2 files changed, 109 insertions, 0 deletions

diff --git a/Documentation/00-INDEX b/Documentation/00-INDEX
index 06b982affe76..dd10b51b4e65 100644
--- a/Documentation/00-INDEX
+++ b/Documentation/00-INDEX
@@ -250,6 +250,8 @@ numastat.txt
         - info on how to read Numa policy hit/miss statistics in sysfs.
 oops-tracing.txt
         - how to decode those nasty internal kernel error dump messages.
+padata.txt
+        - An introduction to the "padata" parallel execution API
 parisc/
         - directory with info on using Linux on PA-RISC architecture.
 parport.txt
diff --git a/Documentation/padata.txt b/Documentation/padata.txt
new file mode 100644
index 000000000000..269d7d0d8335
--- /dev/null
+++ b/Documentation/padata.txt
@@ -0,0 +1,107 @@
+The padata parallel execution mechanism
+Last updated for 2.6.34
+
+Padata is a mechanism by which the kernel can farm work out to be done in
+parallel on multiple CPUs while retaining the ordering of tasks.  It was
+developed for use with the IPsec code, which needs to be able to perform
+encryption and decryption on large numbers of packets without reordering
+those packets.  The crypto developers made a point of writing padata in a
+sufficiently general fashion that it could be put to other uses as well.
+
+The first step in using padata is to set up a padata_instance structure for
+overall control of how tasks are to be run:
+
+    #include <linux/padata.h>
+
+    struct padata_instance *padata_alloc(const struct cpumask *cpumask,
+                                         struct workqueue_struct *wq);
+
+The cpumask describes which processors will be used to execute work
+submitted to this instance.  The workqueue wq is where the work will
+actually be done; it should be a multithreaded queue, naturally.
+
+There are functions for enabling and disabling the instance:
+
+    void padata_start(struct padata_instance *pinst);
+    void padata_stop(struct padata_instance *pinst);
+
+These functions literally do nothing beyond setting or clearing the
+"padata_start() was called" flag; if that flag is not set, other functions
+will refuse to work.
+
+The list of CPUs to be used can be adjusted with these functions:
+
+    int padata_set_cpumask(struct padata_instance *pinst,
+                           cpumask_var_t cpumask);
+    int padata_add_cpu(struct padata_instance *pinst, int cpu);
+    int padata_remove_cpu(struct padata_instance *pinst, int cpu);
+
+Changing the CPU mask has the look of an expensive operation, though, so it
+probably should not be done with great frequency.
+
+Actually submitting work to the padata instance requires the creation of a
+padata_priv structure:
+
+    struct padata_priv {
+        /* Other stuff here... */
+        void                    (*parallel)(struct padata_priv *padata);
+        void                    (*serial)(struct padata_priv *padata);
+    };
+
+This structure will almost certainly be embedded within some larger
+structure specific to the work to be done.  Most its fields are private to
+padata, but the structure should be zeroed at initialization time, and the
+parallel() and serial() functions should be provided.  Those functions will
+be called in the process of getting the work done as we will see
+momentarily.
+
+The submission of work is done with:
+
+    int padata_do_parallel(struct padata_instance *pinst,
+                           struct padata_priv *padata, int cb_cpu);
+
+The pinst and padata structures must be set up as described above; cb_cpu
+specifies which CPU will be used for the final callback when the work is
+done; it must be in the current instance's CPU mask.  The return value from
+padata_do_parallel() is a little strange; zero is an error return
+indicating that the caller forgot the padata_start() formalities.  -EBUSY
+means that somebody, somewhere else is messing with the instance's CPU
+mask, while -EINVAL is a complaint about cb_cpu not being in that CPU mask.

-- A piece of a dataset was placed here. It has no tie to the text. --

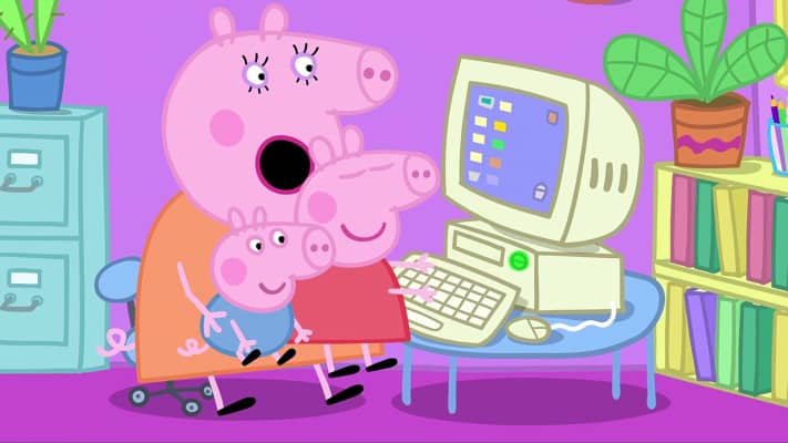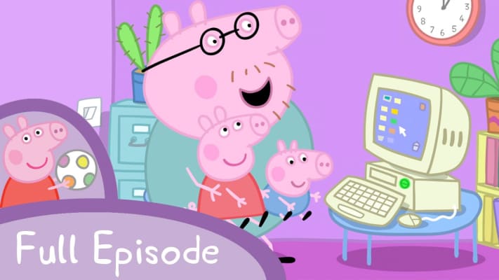 Peppa and George love helping Mummy Pig work on her computer, but they like playing computer games more.

+If all goes well, this function will return -EINPROGRESS, indicating that
+the work is in progress.
+
+Each task submitted to padata_do_parallel() will, in turn, be passed to
+exactly one call to the above-mentioned parallel() function, on one CPU, so
+true parallelism is achieved by submitting multiple tasks.  Despite the
+fact that the workqueue is used to make these calls, parallel() is run with
+software interrupts disabled and thus cannot sleep.  The parallel()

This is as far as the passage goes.